● Supplied data
****************
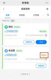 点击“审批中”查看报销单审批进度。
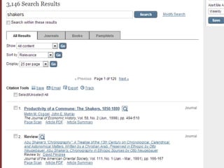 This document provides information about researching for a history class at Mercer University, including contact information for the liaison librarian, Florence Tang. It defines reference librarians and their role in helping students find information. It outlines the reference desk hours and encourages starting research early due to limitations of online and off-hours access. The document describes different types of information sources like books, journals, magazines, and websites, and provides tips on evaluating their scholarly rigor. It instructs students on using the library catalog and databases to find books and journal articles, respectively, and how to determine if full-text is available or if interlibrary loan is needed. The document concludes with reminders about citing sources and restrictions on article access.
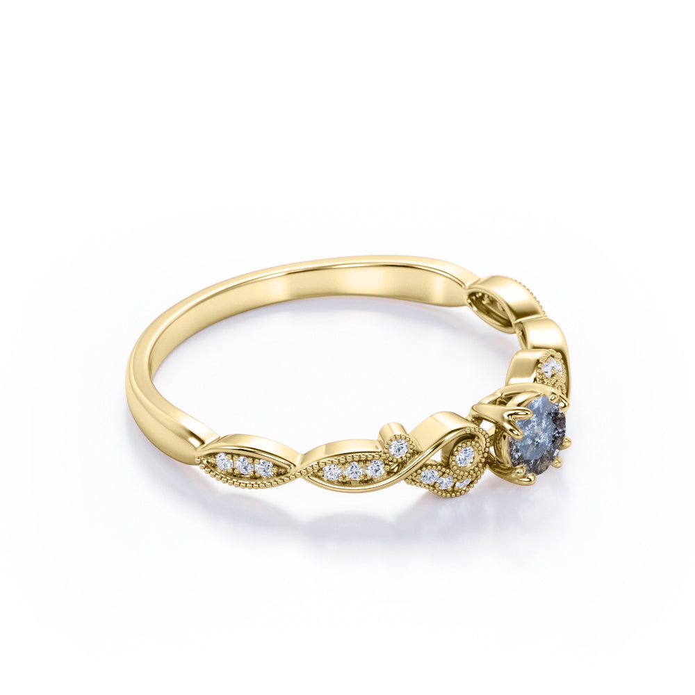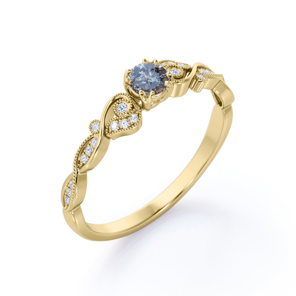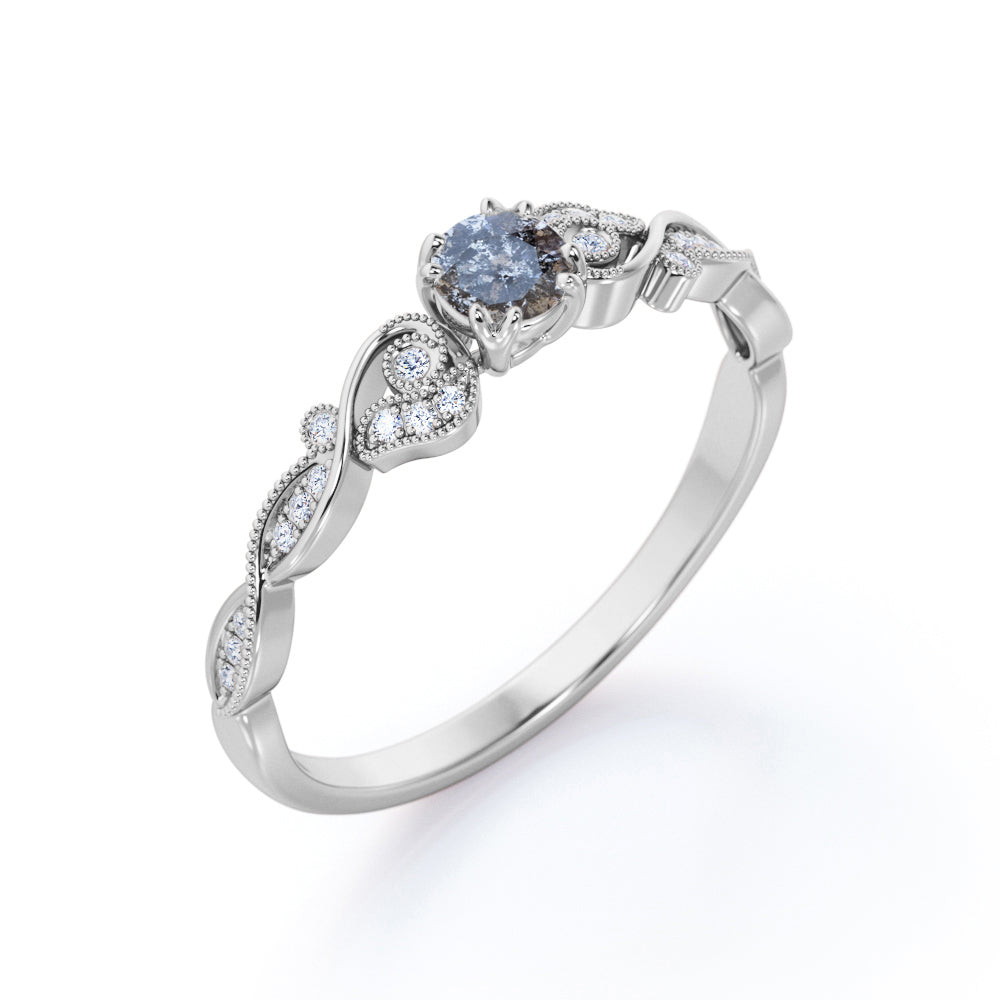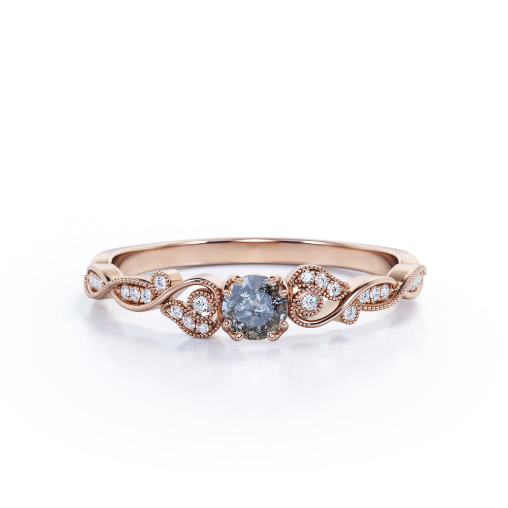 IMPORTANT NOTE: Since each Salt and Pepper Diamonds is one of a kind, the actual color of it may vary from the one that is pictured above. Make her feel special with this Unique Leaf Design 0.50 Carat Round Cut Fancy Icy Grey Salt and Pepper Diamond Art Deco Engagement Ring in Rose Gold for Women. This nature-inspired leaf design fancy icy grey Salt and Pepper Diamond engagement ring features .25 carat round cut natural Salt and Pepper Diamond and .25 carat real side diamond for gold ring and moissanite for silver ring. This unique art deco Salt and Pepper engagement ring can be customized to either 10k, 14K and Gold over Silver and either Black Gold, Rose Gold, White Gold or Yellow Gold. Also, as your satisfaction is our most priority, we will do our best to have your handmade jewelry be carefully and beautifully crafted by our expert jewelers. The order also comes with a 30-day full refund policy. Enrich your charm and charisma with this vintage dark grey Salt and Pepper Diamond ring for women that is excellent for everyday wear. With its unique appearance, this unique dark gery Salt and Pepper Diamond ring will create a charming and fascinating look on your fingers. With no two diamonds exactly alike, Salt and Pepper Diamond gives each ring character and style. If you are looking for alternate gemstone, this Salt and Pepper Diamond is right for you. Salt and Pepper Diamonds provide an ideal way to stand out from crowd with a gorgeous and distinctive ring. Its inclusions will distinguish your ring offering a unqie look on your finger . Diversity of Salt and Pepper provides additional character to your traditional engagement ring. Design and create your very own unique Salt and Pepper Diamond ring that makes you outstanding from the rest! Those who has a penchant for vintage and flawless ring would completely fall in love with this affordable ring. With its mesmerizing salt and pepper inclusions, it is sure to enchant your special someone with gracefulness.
****************
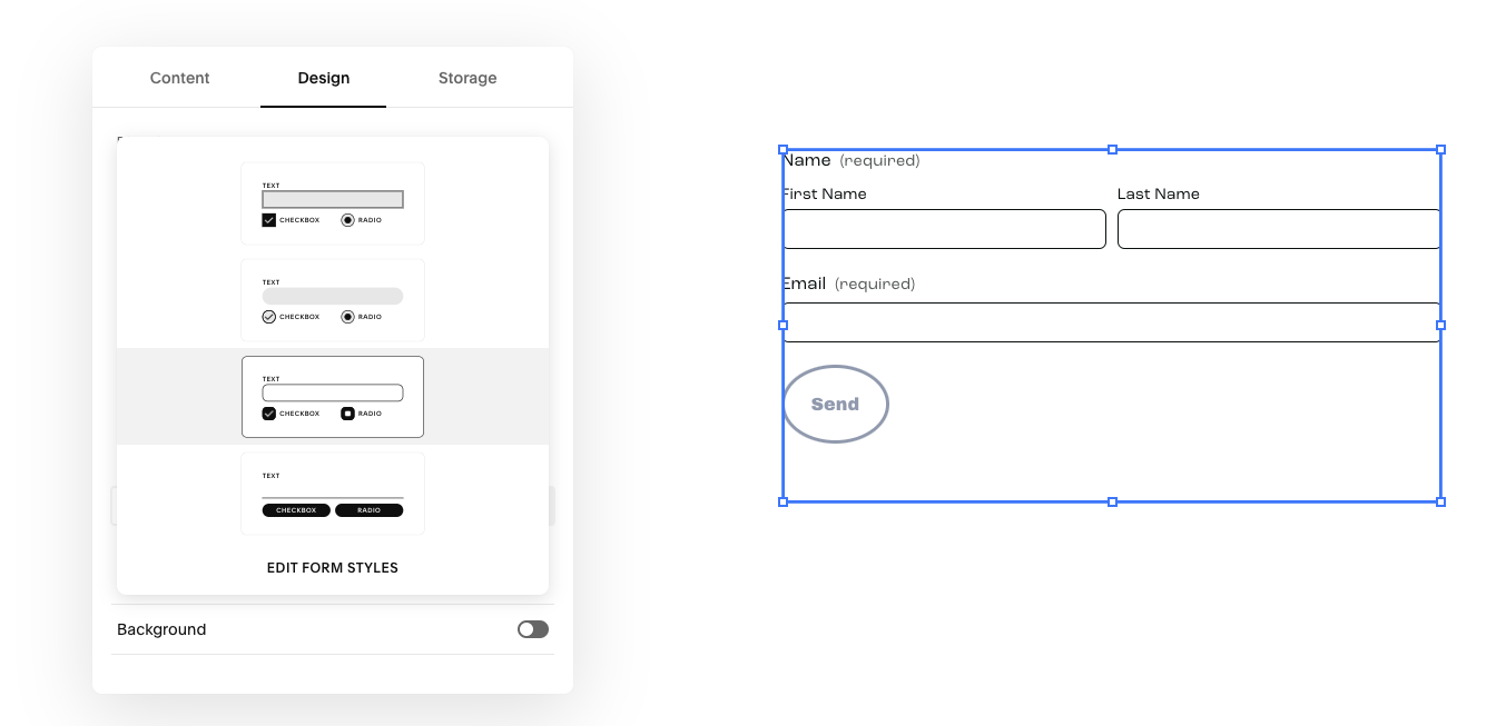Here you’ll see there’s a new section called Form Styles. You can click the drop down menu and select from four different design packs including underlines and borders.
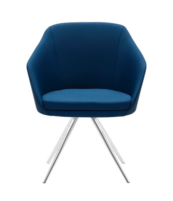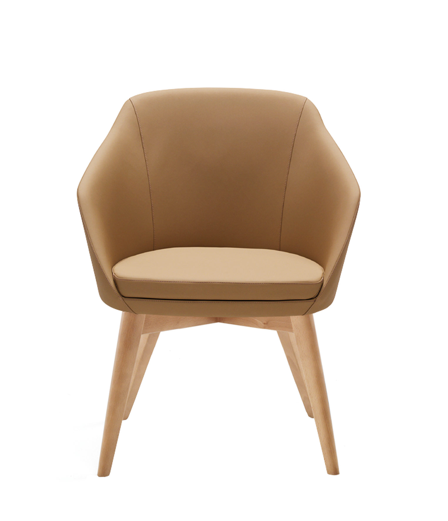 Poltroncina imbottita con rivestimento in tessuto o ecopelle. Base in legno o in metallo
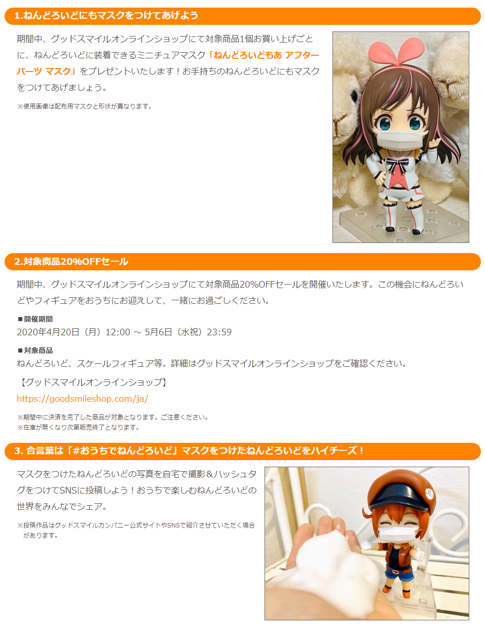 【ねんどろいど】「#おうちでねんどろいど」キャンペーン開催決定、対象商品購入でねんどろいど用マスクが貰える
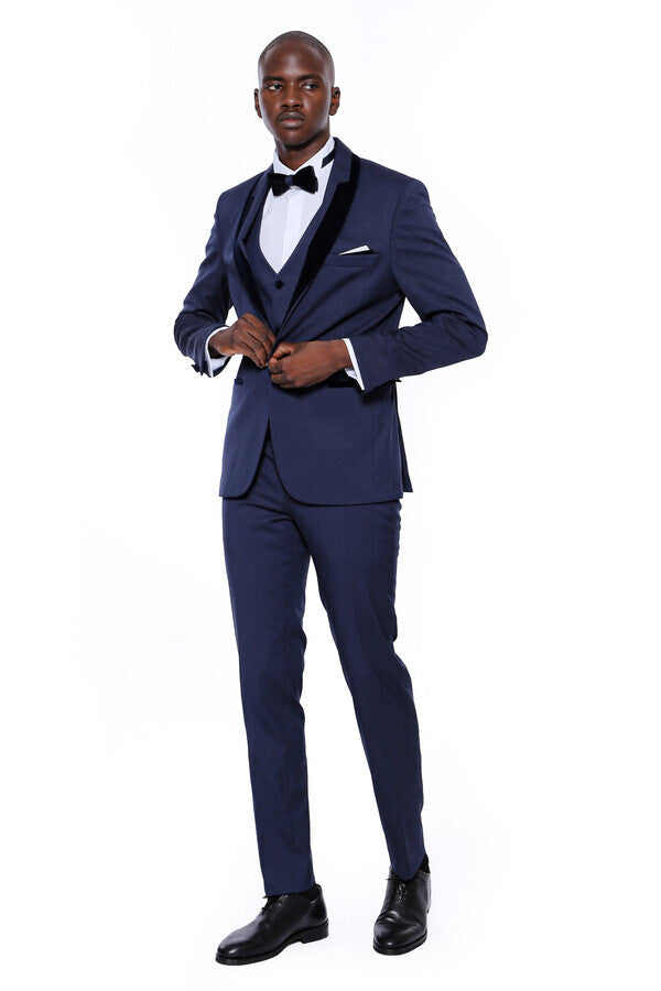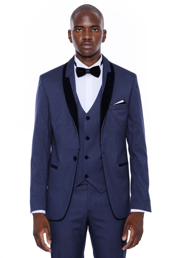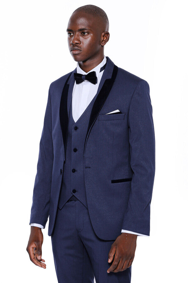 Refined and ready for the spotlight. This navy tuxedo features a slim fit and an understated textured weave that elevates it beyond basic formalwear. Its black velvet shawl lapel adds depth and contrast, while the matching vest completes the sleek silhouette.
****************
● Your goal
Give the lines above again exactly, from the one containing "Here you’ll see" to the one containing "Refined and ready", both included, but leave out the pictures.

● Exercise response
Here you’ll see there’s a new section called Form Styles. You can click the drop down menu and select from four different design packs including underlines and borders.
 Poltroncina imbottita con rivestimento in tessuto o ecopelle. Base in legno o in metallo
 【ねんどろいど】「#おうちでねんどろいど」キャンペーン開催決定、対象商品購入でねんどろいど用マスクが貰える
 Refined and ready for the spotlight. This navy tuxedo features a slim fit and an understated textured weave that elevates it beyond basic formalwear. Its black velvet shawl lapel adds depth and contrast, while the matching vest completes the sleek silhouette.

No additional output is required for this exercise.